■ **Data to process**

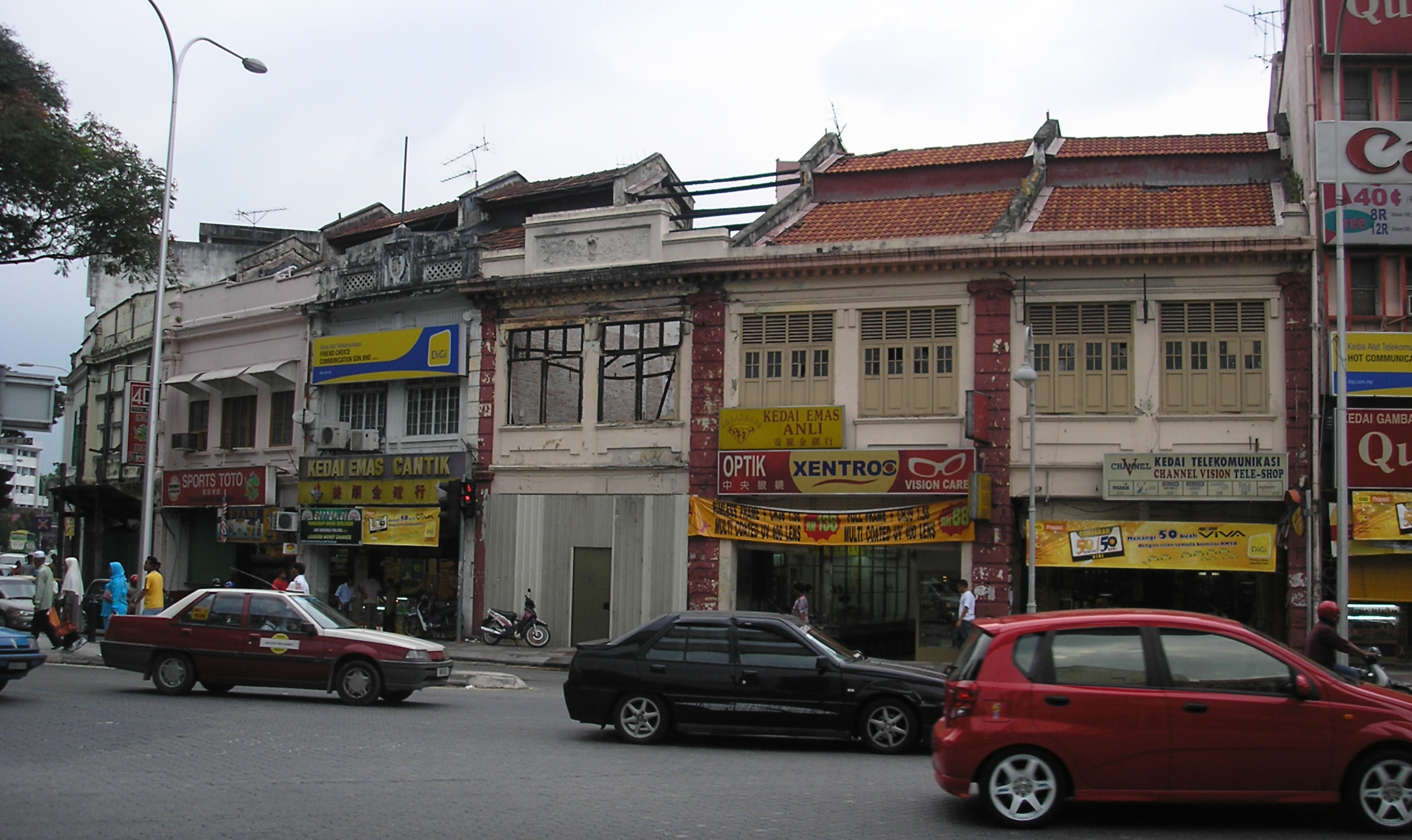 A set of shophouses collectively numbered 106 at the meeting point of Jalan Tuanku Abdul Rahman (previously Batu Road)-Jalan Raja Muda (previously Princes Road) in Chow Kit, Kuala Lumpur, Malaysia. Two shophouses pictured here were razed by fire and closed off from the public.
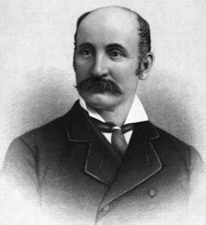 Joseph A. Scranton (Pennsylvania Congressman)
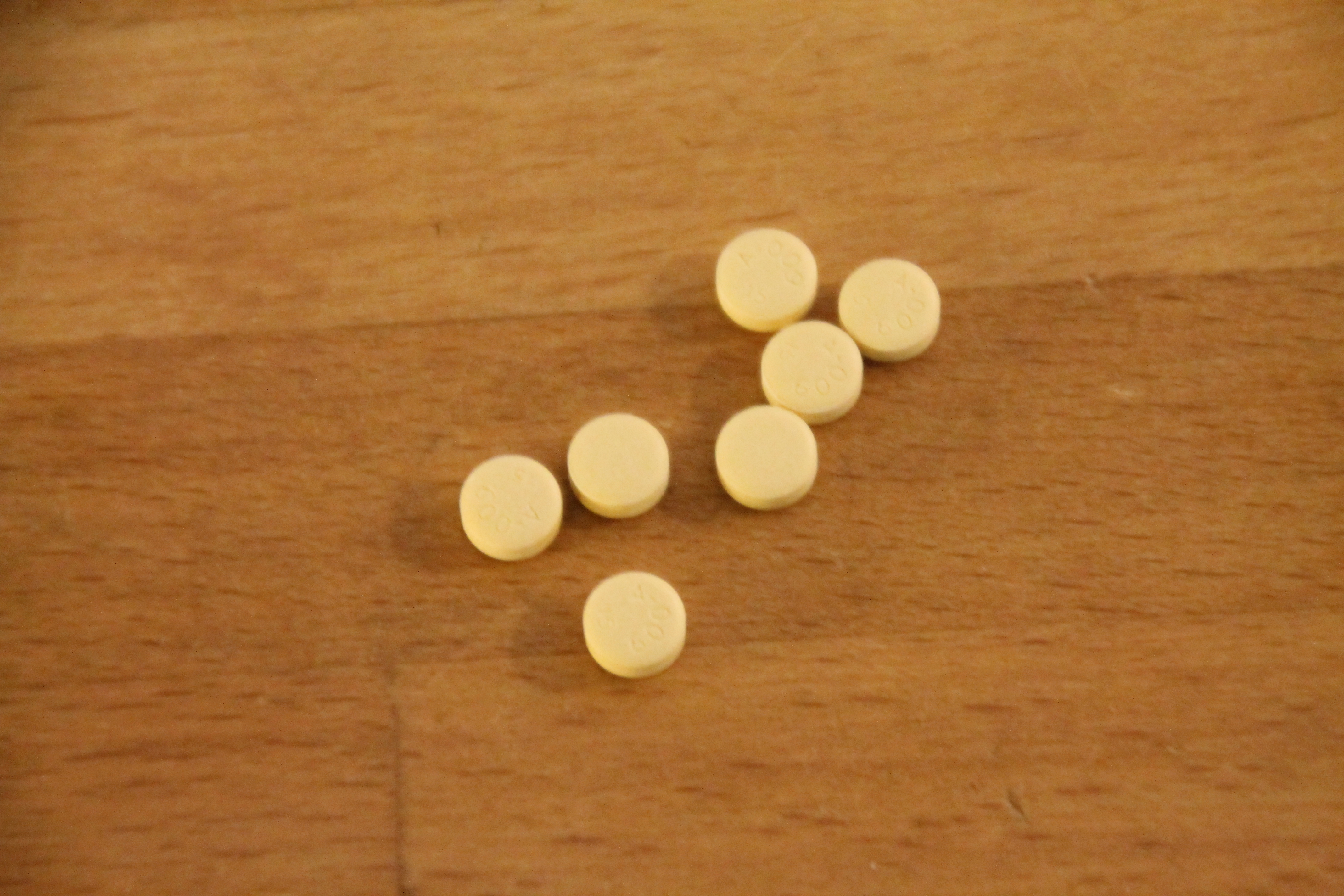 Abilify (aripiprazole) 15mg -tablets.
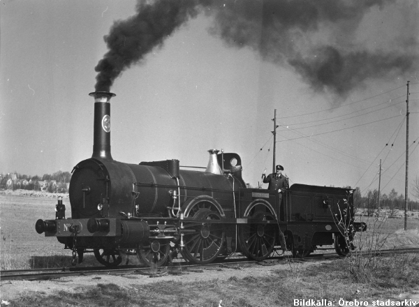 The locomotive Prince August
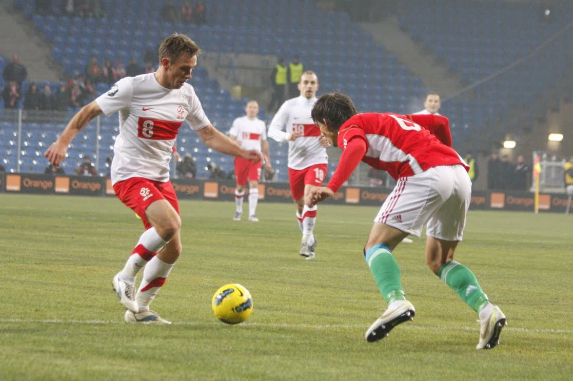 Polish football player Maciej Rybus
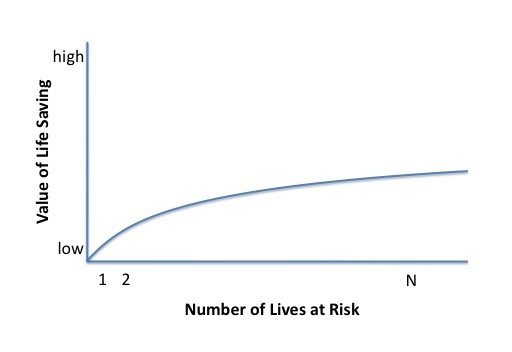 this is a graph of the value of saving a human life. It is my own work, it is derived from a Paul Slovic article regarding Psychc Numbing
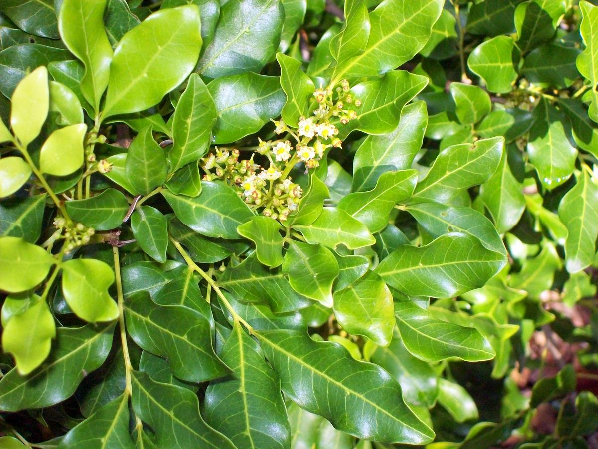 Toechima tenax at Coffs Harbour Botanic Gardens, Australia
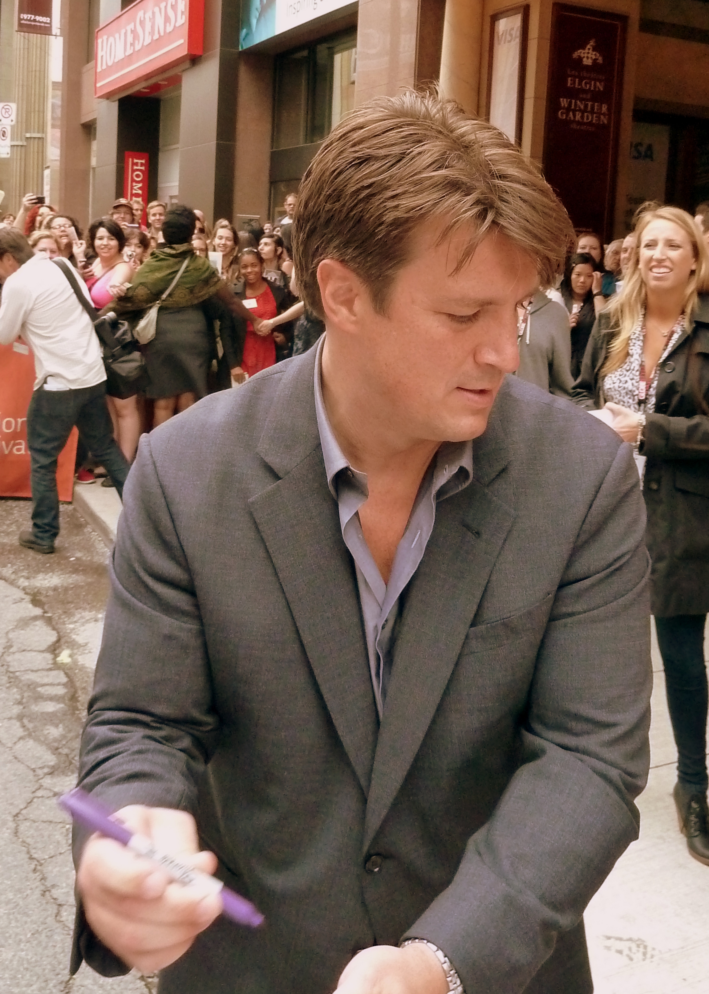 Nathan Fillion at the premiere of Much Ado About Nothing, Toronto Film Festival 2012

■ **Instructions to follow**
Each line above that falls between the line with "The locomotive Prince August" and the line with "Toechima tenax at" should be printed exactly, together with those two lines, but the pictures should not.

■ **Written solution**
 The locomotive Prince August
 Polish football player Maciej Rybus
 this is a graph of the value of saving a human life. It is my own work, it is derived from a Paul Slovic article regarding Psychc Numbing
 Toechima tenax at Coffs Harbour Botanic Gardens, Australia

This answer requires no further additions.